The last time Sonia Cruz saw her 14-year-old son, was just a few days after Christmas, December 2022. He walked out onto the street at 8 p.m. in their small town in northern Mexico going to meet his girlfriend, but he was dragged into a black truck that sped away.

Five months later, Jose Luis Martinez Cruz is among more than 112,000 names on Mexico’s list of disappeared people.

“Not knowing where your child is, it’s like this horrible hopelessness — knowing that someone took him and you can’t do anything about it,” Cruz said on Wednesday, March 10th. “You make yourself sick, you get up, you cry, you don’t eat. The pain never stops.”

With the hope of finding her son dwindling, Cruz joined with hundreds of other parents whose children are missing to march through Mexico City demanding answers as the country observed Dia de la Madre — Mother’s Day.

As violence deepens and disappearances grow more common in Mexico, the day brings little more than anguish for mothers like Cruz.

So far this year, 4,145 people have been reported as disappeared, according to government figures.
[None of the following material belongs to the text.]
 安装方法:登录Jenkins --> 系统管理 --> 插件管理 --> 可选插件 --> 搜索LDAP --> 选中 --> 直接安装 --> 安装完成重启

While researchers and activists say the real number is likely far larger, the figure represents a more than 20% increase from the same period last year.

It underscores the rising levels of violence in Mexico amid increasingly violent power struggles among warring drug cartels and other criminal groups.
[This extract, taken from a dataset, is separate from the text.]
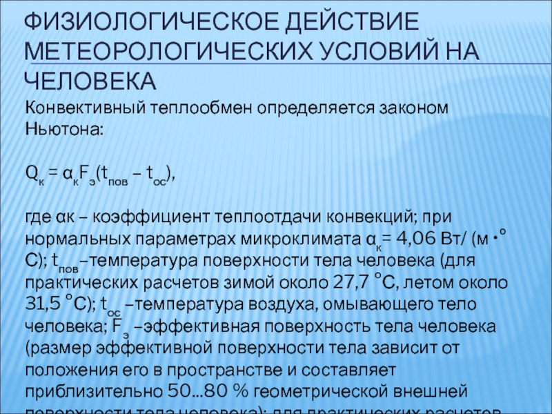 нормальных параметрах микроклимата αк= 4,06 Вт/ (м •°С); tпов–температура поверхности тела человека (для практических расчетов зимой около 27,7 °С, летом около 31,5 °С); tос –температура воздуха, омывающего тело человека; Fэ –эффективная поверхность тела человека (размер эффективной поверхности тела зависит от положения его в пространстве и составляет приблизительно 50...80 % геометрической внешней поверхности тела человека); для практических расчетов Fэ= 1,8 м2.

Shortly before the march, President Andrés Manuel López Obrador sent out a message of “affectionate congratulations to all the mothers in our country.”

He listed teachers, journalists, grandparents, Indigenous women, laborers, businesswomen, and more. But the president, who has repeatedly played down rates of violence in Mexico, did not once mention the mothers of the disappeared, who have gained a spotlight in recent years amid their calls for justice.
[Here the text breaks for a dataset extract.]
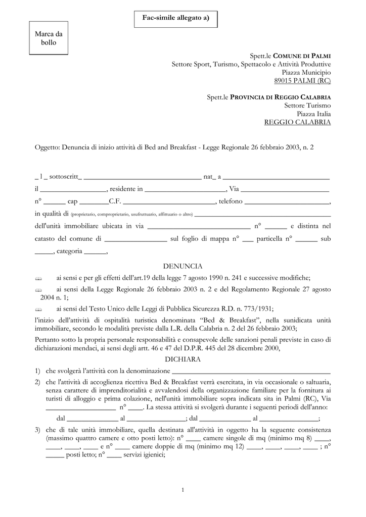 Fac-simile allegato a) Marca da bollo Spett.le COMUNE DI PALMI Settore Sport, Turismo, Spettacolo e Attività Produttive Piazza Municipio 89015 PALMI (RC) Spett.le PROVINCIA DI REGGIO CALABRIA Settore Turismo Piazza Italia REGGIO CALABRIA Oggetto: Denuncia di inizio attività di Bed and Breakfast - Legge Regionale 26 febbraio 2003, n. 2 _ l _ sottoscritt_ ________________________________ nat_ a _____________________________ il __________________, residente in ______________________, Via ________________________ n° ______ cap ________C.F. _________________________, telefono _______________________, in qualità di (proprietario, comproprietario, usufruttuario, affittuario o altro) _____________________________________ dell'unità immobiliare ubicata in via ____________________________ n° ______ e distinta nel catasto del comune di _________________ sul foglio di mappa n° ___ particella n° ______ sub _____, categoria ______, DENUNCIA ai sensi e per gli effetti dell’art.19 della legge 7 agosto 1990 n. 241 e successive modifiche; ai sensi della Legge Regionale 26 febbraio 2003 n. 2 e del Regolamento Regionale 27 agosto 2004 n. 1; ai sensi del Testo Unico delle Leggi di Pubblica Sicurezza R.D. n. 773/1931; l’inizio dell’attività di ospitalità turistica denominata “Bed & Breakfast”, nella sunidicata unità immobiliare, secondo le modalità previste dalla L.R. della Calabria n. 2 del 26 febbraio 2003; Pertanto sotto la propria personale responsabilità e consapevole delle sanzioni penali previste in caso di dichiarazioni mendaci, ai sensi degli artt. 46 e 47 del D.P.R. 445 del 28 dicembre 2000, DICHIARA 1) che svolgerà l’attività con la denominazione ___________________________________________ 2) che l'attività di accoglienza ricettiva Bed & Breakfast verrà esercitata, in via occasionale o saltuaria, senza carattere di imprenditorialità e avvalendosi della organizzazione familiare per la fornitura ai turisti di alloggio e prima colazione, nell'unità immobiliare sopra indicata sita in Palmi (RC), Via ___________________ n° ____. La stessa attività si svolgerà durante i seguenti periodi dell'anno: dal ______________ al ________________; dal ______________ al ________________; 3) che di tale unità immobiliare, quella destinata all'attività in oggetto ha la seguente consistenza (massimo quattro camere e otto posti letto): n° ____ camere singole di mq (minimo mq 8) ____, ____, ____, ____ e n° ____ camere doppie di mq (minimo mq 12) ____, ____, ____, ____ ; n° _____ posti letto; n° ____ servizi igienici; 1 4) che i locali destinati all’esercizio dell’attività di Bed & Breakfast possiedono le caratteristiche strutturali ed igienico – sanitarie previste dal Regolamento Edilizio del Comune di Palmi per i locali di civile abitazione e sono in regola dal punto di vista edilizio - urbanistico; 5) che il servizio ai turisti comprende, oltre ad alloggio e prima colazione, quest'ultima assicurata prevalentemente con cibi e bevande provenienti da produzioni calabresi, anche: - fornitura e cambio della biancheria compresa quella da bagno due volte la settimana e al cambio del cliente; - un servizio bagno autonomo rispetto alle esigenze della famiglia, con un rapporto non inferiore a quattro posti letto per ogni bagno; - la pulizia quotidiana dei locali; - la fornitura di energia elettrica, acqua calda e fredda e riscaldamento; 6) che le tariffe che si intendono praticare sono le seguenti: minime: € __________________________ massime: € _________________________ 7) che la permanenza degli ospiti non si protrarrà oltre i 60 giorni consecutivi; 8) che gli appartamenti per il servizio di alloggio sono stabilmente utilizzati dal sottoscritto o dagli altri soggetti del proprio nucleo familiare 9) che sussistono i requisiti soggettivi previsti dagli artt. 11 e 92 del T.U.P.S., approvato con R.D.L. del 18 giugno 1931 n° 773 e cioè: - di non avere riportato condanne a pene restrittive della libertà personale superiore ai tre anni per delitto non colposo e di non aver ottenuto la riabilitazione; - di non essere sottoposto a sorveglianza speciale o a misure di sicurezza personale o di non essere stato dichiarato delinquente abituale, professionale o per tendenza; - di non aver riportato condanne per delitti contro la personalità dello Stato o contro l’ordine pubblico, ovvero per delitti contro le persone commessi con violenza, o per furto, rapina o estorsione, sequestro di persona a scopo di rapina o di estorsione, o per violenza o resistenza all’autorità, o a chi non può provare la sua buona condotta; - di non essere stato condannato per reati contro la moralità pubblica e il buon costume, o contro la sanità pubblica o per giochi d’azzardo, o per delitti commessi in stato di ubriachezza o per contravvenzioni concernenti la prevenzione dell’alcolismo, o per infrazioni alla legge sul lotto, o per abuso di sostanze stupefacenti; 10) che non sussistono nei propri confronti “cause di divieto, di decadenza o di sospensione di cui all’art. 10 della legge 31 maggio 1965 n. 575” (antimafia); 11) di essere consapevole: - di essere tenuto a comunicare al Comune e alla Provincia l’inizio effettivo dell’attività; - che l’attività ha carattere saltuario e non continuativo e che pertanto dovrà essere interrotta per almeno 60 giorni nel corso dell’anno, anche frazionati; - di dover comunicare al Comune e alla Provincia, almeno semestralmente, su apposito modello ISTAT, il movimento degli ospiti ai fini della rilevazione statistica; - di dover comunicare al Comune e alla Provincia, entro il 30 settembre di ogni anno, per il periodo di apertura dell'attività, i prezzi minimi e massimi con validità dal 1° gennaio dell'anno successivo; - di dover esporre all'interno della struttura copia delle tariffe e all’esterno dell’ingresso principale il marchio B&B con l’indicazione della categoria attribuita; - che la mancata comunicazione delle tariffe entro il ter

During the demonstration, Cruz carried a photo of her smiling son in a clean white button-down shirt. Underneath his photo, a sign read: “We miss you love. Together until we find them.”

He had dreams, she said quietly. He wanted to study engineering.

Hundreds of others walked past rows of similar photos and signs. “Where are our children?” they chanted.

“I’m not scared anymore. If (the cartels) want to do something to me, they can do it,” Cruz said. “They completely strip our fear away. Nothing matters to us anymore. The only thing that matters is finding our children.”

Compounding the bloodshed is a lack of punishment for those responsible as the government does little to investigate such disappearances, said Janice Gallagher, a professor at Rutgers University-Newark who is writing a book about the families of Mexico’s disappeared.

Mothers like Cruz are often the ones who take authorities to task and even take up investigating their children’s disappearances, and likely slayings.

“The cost to people who commit disappearances is basically close to zero,” Gallagher said. “These mothers know that if they don’t do anything, then the state won’t do anything. … They are the only ones moving things forward.”